The day after Councilwoman Monica Garcia recommended one company get a monopoly on transporting cannabis within Baldwin Park’s borders, she received a $4,400 campaign contribution from the company’s CEO, campaign finance records show.
The records filed in January show Sharone Bershatski, the president and CEO of Rukli Inc., donated the money to Garcia’s campaign for state Senate District 22 on Dec. 19.
That was after Garcia made a motion to award Rukli an exclusive distribution permit at Baldwin Park’s Dec. 18 council meeting. The motion passed 3-0.
That same month, Bershatski said he was contacted by Garcia’s campaign for state Senate.
“In the latter part of December, we were contacted by the Garcia for Senate campaign and we were very pleased to support her candidacy with a contribution,” Bershatski said in an email.
Garcia did not respond to questions about whether her campaign had a relationship with Bershatski.
In an email, she said “innuendos and allegations” over whether the CEO’s donation was in return for voting on the contract were “politically motivated.”
“The decisions I make on the City Council are based on what I believe to be in the best interest of my community — not anything else,” Garcia said.
Jessica Levinson, a professor at Loyola Law School and an election law expert, said the timing of Bershatski’s contribution was questionable, but not necessarily illegal.
“It looks like a bribe, but that doesn’t mean it is a bribe,” Levinson said. “Money follows decisions, but it doesn’t look to me like anything illegal happened.”
Levinson said it’s difficult to prove if public officials are being bribed with political donations. She also said it’s easy to provide legal explanations for donations that may seem unethical.
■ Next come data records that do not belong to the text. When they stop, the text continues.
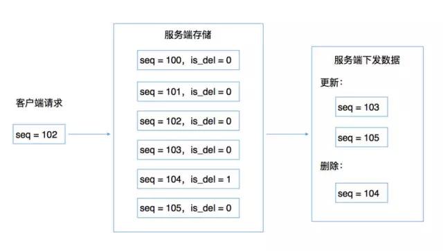 若客户端的传的 seq 过旧,增量数据可能很大。此时若一次性返回全部的更新数据,客户端请求的数据量会很大,时间会很长,成功率很低。针对这种场景,客户端和服务端需要约定阈值,若请求的更新数据总数超过这个阈值,服务端每次最多返回不超过该阈值的数据。若客户端发现服务端返回的数据数量等于阈值,则再次到服务端请求数据,直到服务端下发的数据数量小于阈值。
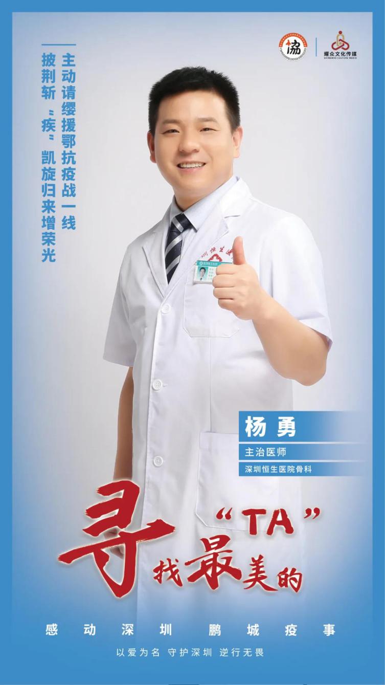 深圳恒生醫(yī)院作為社會(huì)辦三級(jí)綜合醫(yī)院,不僅被列入深圳49家設(shè)立發(fā)熱門(mén)診的醫(yī)院,同時(shí)也是首家派遣醫(yī)護(hù)隊(duì)援鄂的社會(huì)辦醫(yī)院。而楊勇,即首批堅(jiān)決主動(dòng)請(qǐng)戰(zhàn)、帶隊(duì)赴荊斬疾的優(yōu)秀黨員醫(yī)生代表。
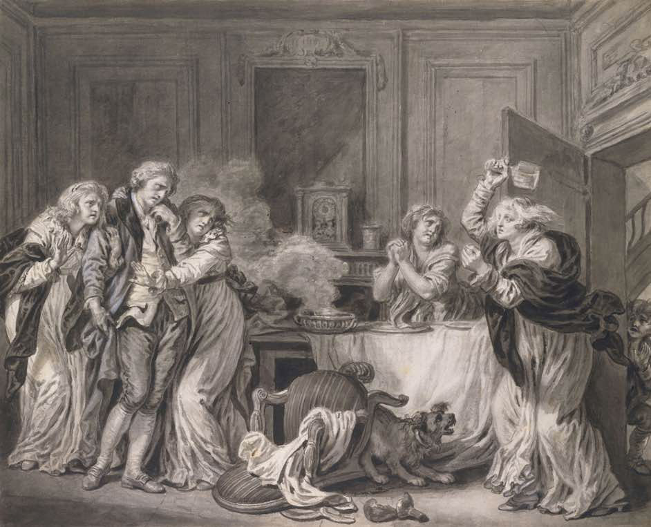 Jean Baptiste Greuze, La Femme en colère, vers 1785. Pinceau, lavis noir et gris, réhaussée de blanc, sur des traces de graphite, 52,1 x 64 cm. The Metropolitan Museum of Art, New York © GrandPalaisRmn (The Metropolitan Museum of Art) / Image of the MMA.
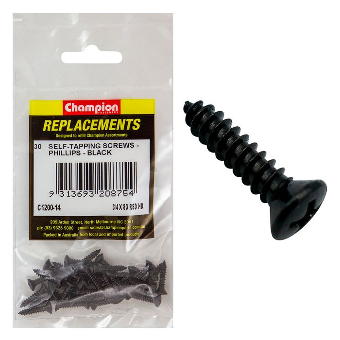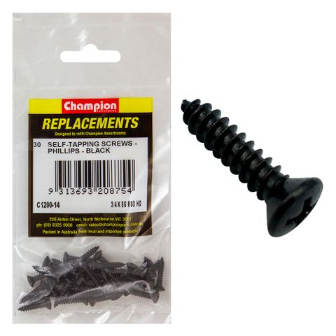 Description: Raised Head, Countersunk, Phillips, Black Zinc, Pack Size: 30
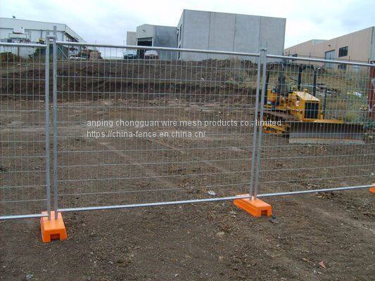 The company has large injection yard equipment and can produce plastic bases by itself. The plastic base is filled with concrete and can work directly. It can also be made into heavy-duty, corrosion-resistant steel. The temporary fence panel can be inserted into the base to stand.

“It’s so difficult to ever find that smoking gun moment,” she said, adding that the contributor could argue that “‘we found someone who supports our view and we want her to be able to be successful in life’ — that’s entirely legal.”
Bershaktski’s only other political donation to a Baldwin Park city official was the $10,000 he contributed to police Chief Michael Taylor’s campaign for the West Valley Water District’s Board of Directors in Rialto.
In the same email, the Rukli CEO said over the last several months he learned Taylor was running for the board seat.
“We understood that he was a good man with a long tenure of service in the city of Baldwin Park and we elected to lend our support,” Bershatski said. “We saw no conflict with supporting the police chief’s endeavor in expanding his contributions to public service.”
The decision to award Rukli an exclusive distribution permit was a controversial one.
The week before, the council approved permits for five businesses that had planned to self-distribute their products. Some said being forced to work with one distributor could raise their costs.
Garcia, 42, a Democrat, is one of six candidates running to succeed state Sen. Ed Hernandez, who is termed out and is running for lieutenant governor. Also running are fellow Baldwin Park Councilwoman Susan Rubio, El Monte Councilwoman Victoria Martinez, former state Assemblyman Mike Eng and union organizer Ruben Sierra, all Democrats. La Puente resident Michael Adams is running as an independent candidate.
Eng, who lives in Monterey Park with his wife, Congresswoman Judy Chu, had more than $1 million cash on hand as of June 30. Rubio and Martinez had nearly $136,000 and about $47,000, respectively, at that time.
Sierra and Adams had not yet filed any campaign finance reports as of June 30. A GoFundMe account linked to Sierra’s website had just over $5,000 Monday.
As of Dec. 31, Garcia, who filed a statement of intent to run for the seat in November, had raised nearly $122,550 in campaign funds, including $52,000 of her own money.
Campaign finance reports for the second half of 2017, which are due Jan. 31, were not available Monday for the other candidates running for the seat.